__DIRECTIONS FOR THIS TASK__
When you reach the line holding "One of the claimed", please begin to restate the lines word for word and continue through the last one in the material, excluding pictures.

__SOURCE RECORDS__
------------------------------------------------------------

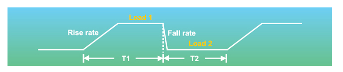 在快速的时代里,电子元件皆朝高速运作的方向设计,因此,电源元件对于暂态的信号及动态响应的性能要求,比过去都高出许多。为满足这些 测试应用与要求,63200系列提供高速、可编程动态负载模拟与同步动态负载等功能。下图所示为可编程的参数:设定电流高/低准位、T1/T2、爬 升率/下降率。可编程的电流爬升率/下降率可用来模拟真实负载情况的暂态负载变化模拟。63200系列中,在负载电流连续变化时,内部的监测机 制与线路能使得电流波形失真度达到小化,电流爬升率快可达25A/μs (63208)、动态变化可高达20kHz。
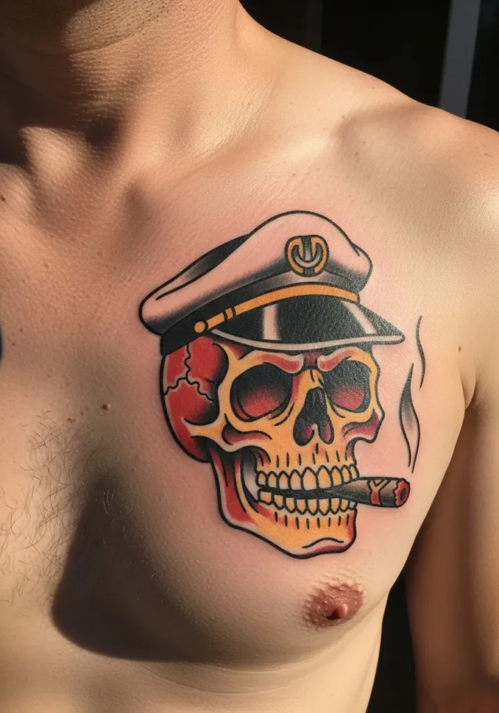 This chest tattoo shows off a grinning skull in a captain s hat, puffing a cigar with smoke curling upward. The shading and fiery orange tones make the skull glow under sunlight, giving it that classic vintage vibe. The placement on the upper chest makes it bold and commanding without being overwhelming.
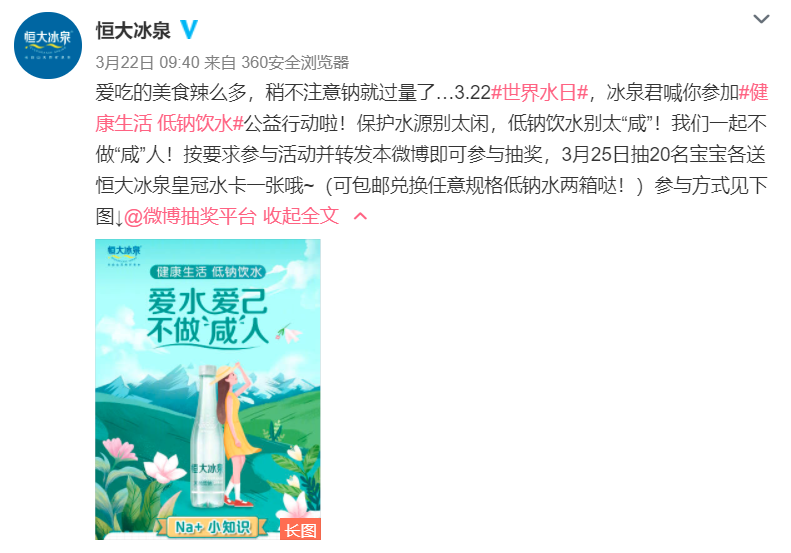 見(jiàn)圳客戶端·深圳新聞網(wǎng)2021年3月30日訊 (記者 常軍平)目前正值3月22日第二十九屆“世界水日”以及3月22—28日第三十四屆“中國(guó)水周”之際,恒大冰泉天然低鈉礦泉水深入洞察借勢(shì),發(fā)起以不做“咸”人為主題的公益活動(dòng),引發(fā)了全網(wǎng)的關(guān)注熱議和積極參與,刷屏社交媒體,成為新的公益“爆款”。
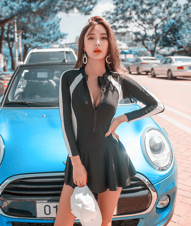 South Korean large size dress style one-piece swimsuit woman covered with slim speed dry diving suit woman long sleeve sunscreen conservative swimsuit woman
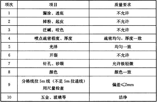 8.0.6 合成樹脂乳液外墻涂料、彈性建筑涂料、溶劑型外墻涂料等外墻平涂涂飾工程的質(zhì)量應(yīng)符合表8.0.6規(guī)定。
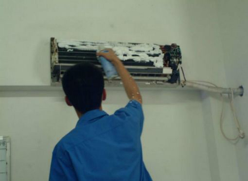 | 牧野空调维修师傅给牧野用户上门维修清洗空调。 |
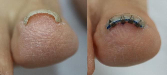 The picture on the right shows the NailLift brace attached and secured in place with a clear gel pedicure. Gel nail polish remains flexible even after hardening, so it will not interfere with the corrective effects of NailLift.
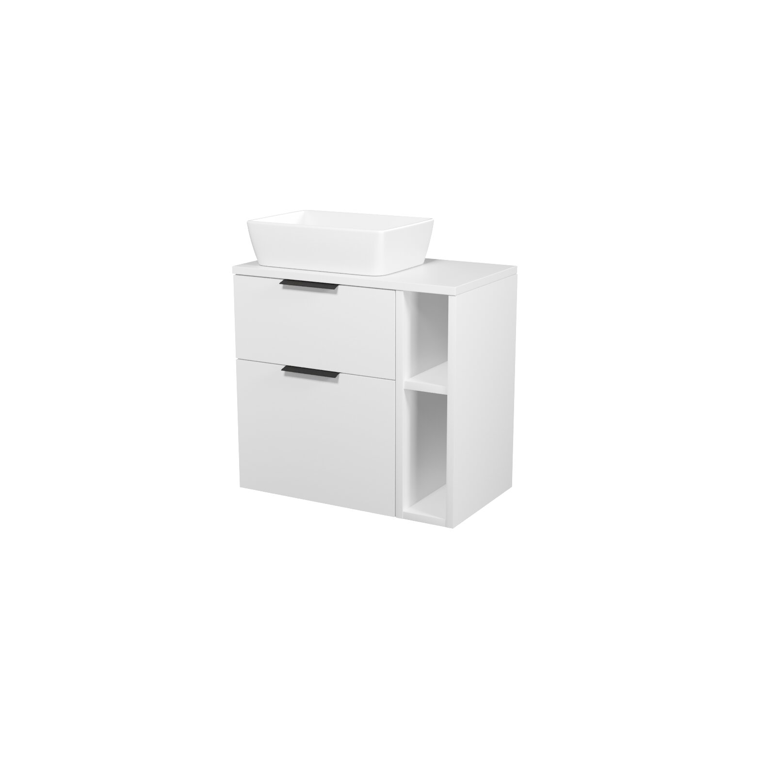 Skřííňka Cersanit City 60 pod desku bílá, skříňka 20 pod desku otevřená bílá, deska 80 horní bílá, umyvadlo City 60 na desku obdélníkové bílé, úchytky černé
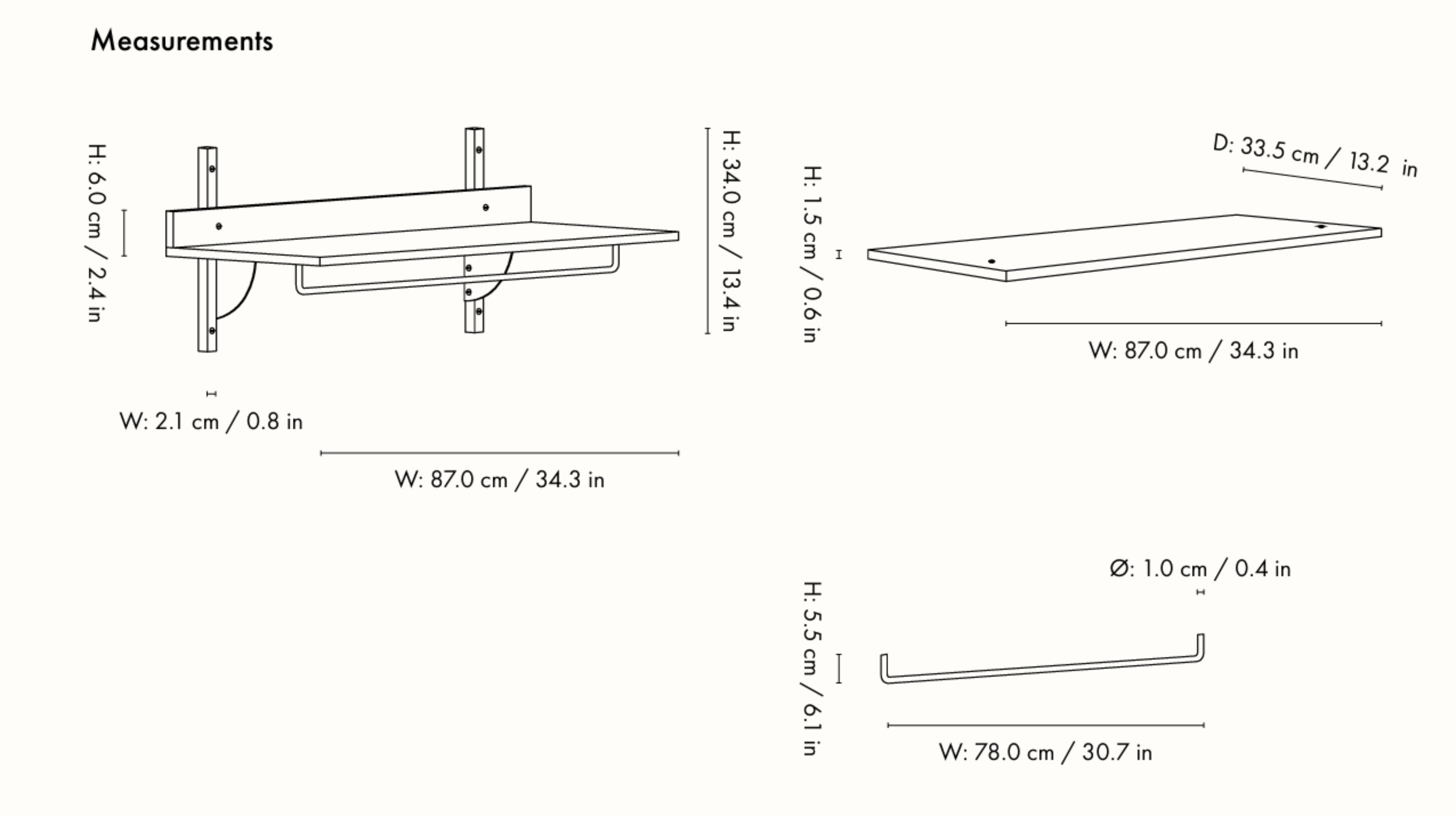 Sector Rack Shelf with railing is an elegant and modern proposal inspired by classic mid-century shelves. Made from black ash veneer and solid wood, finished with brass brackets and railing, it serves as a practical and decorative element of your decor. Its simple form and visible mounting screws highlight a raw aesthetic, perfect for both the hallway and the bedroom.
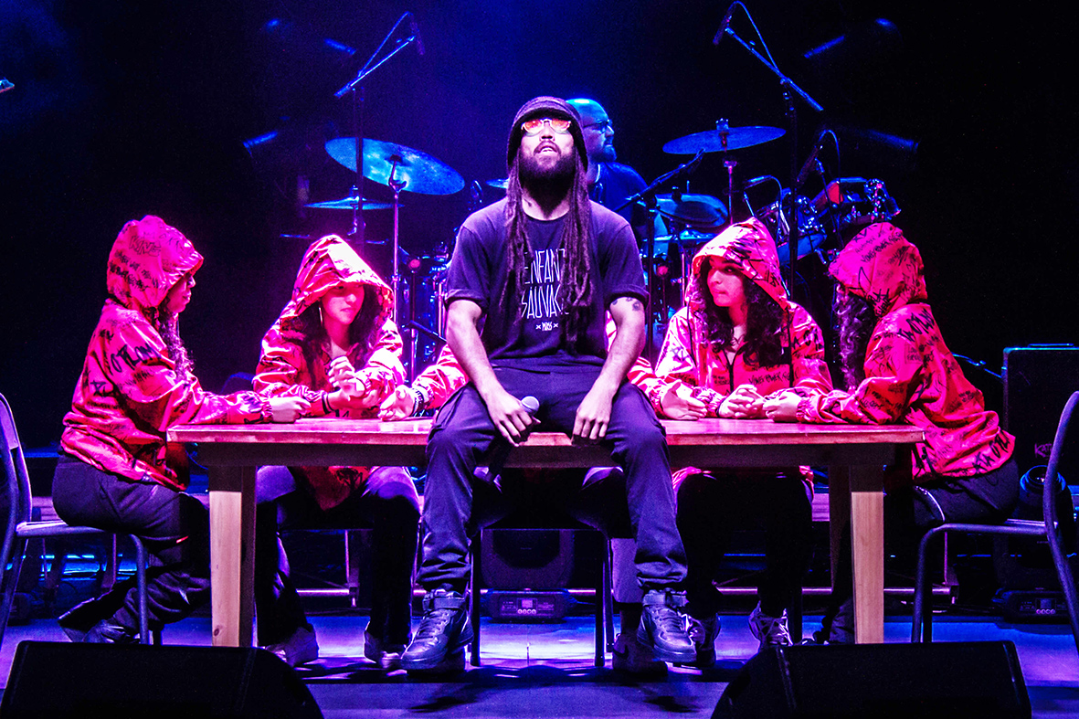 Planète des singes : La théorie (concert) est composé d’un rappeur, d’une comédienne et d’un batteur. Le concert décrit une société passée et les travers qu'on lui connaît, du point de vue d'un monde nouveau, conscient et avisé. Une traversée de l'espace et du temps, qui nous met face à nos rêves, nos doutes et notre résilience.
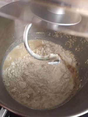 把蒸熟的南瓜,牛奶,鸡蛋(喜欢甜的可以加糖)面粉,酵母依次加入盆里,温水和面成光滑面团
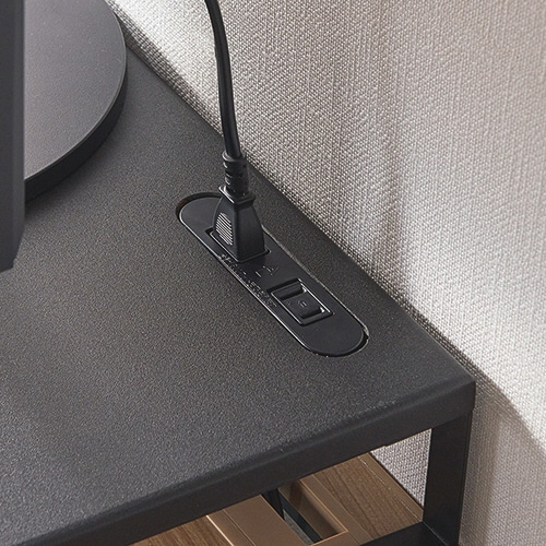 ●天板右上にはスライドカバー付2口コンセントを配置。
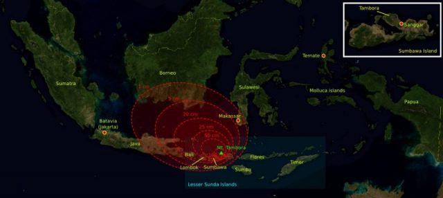 One of the claimed scientific reasons for this climate anomaly was the biggest volcanic eruption in history which took place in Indonesia on Mount Tambora in 1815. The aftermath of this event resulted in large quantities of dust and ash leaking into the atmosphere causing a serious change decrease in temperatures.
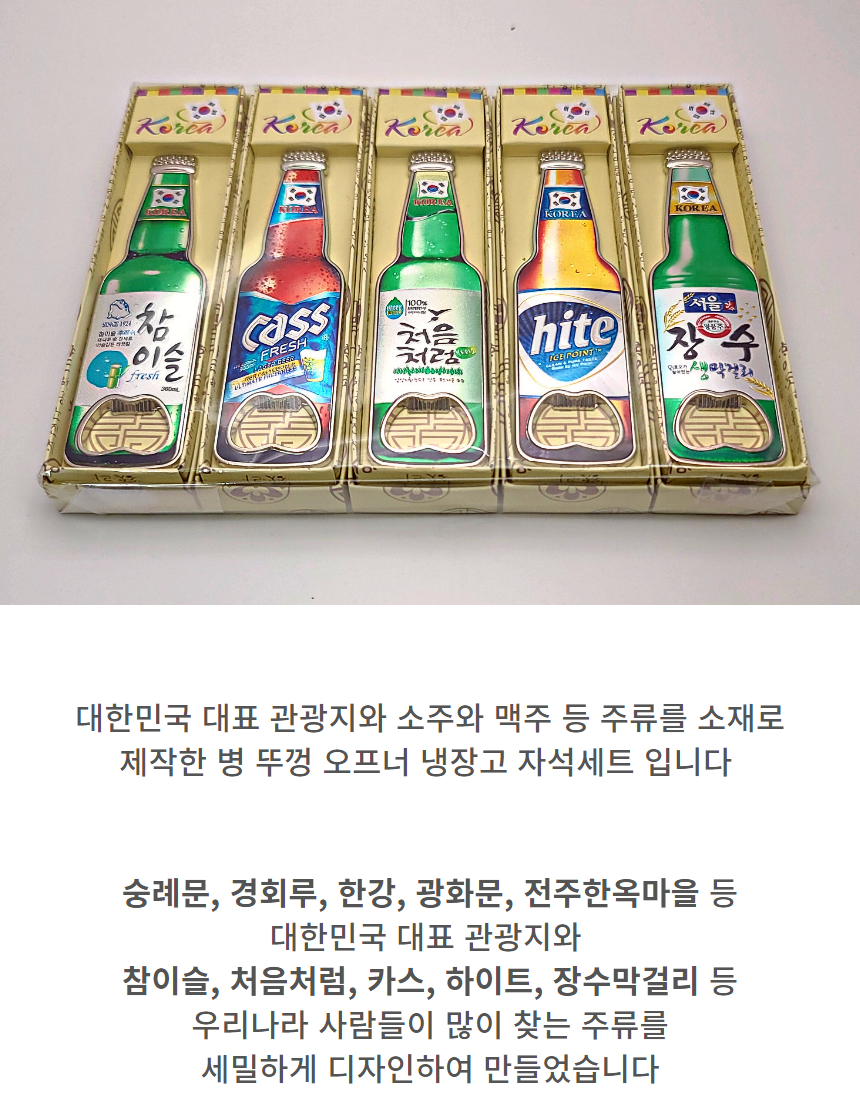 관광지 소주 맥주 막걸리 병따개 오프너 자석 세트

------------------------------------------------------------

__RESPONSE BELOW__
 One of the claimed scientific reasons for this climate anomaly was the biggest volcanic eruption in history which took place in Indonesia on Mount Tambora in 1815. The aftermath of this event resulted in large quantities of dust and ash leaking into the atmosphere causing a serious change decrease in temperatures.
 관광지 소주 맥주 막걸리 병따개 오프너 자석 세트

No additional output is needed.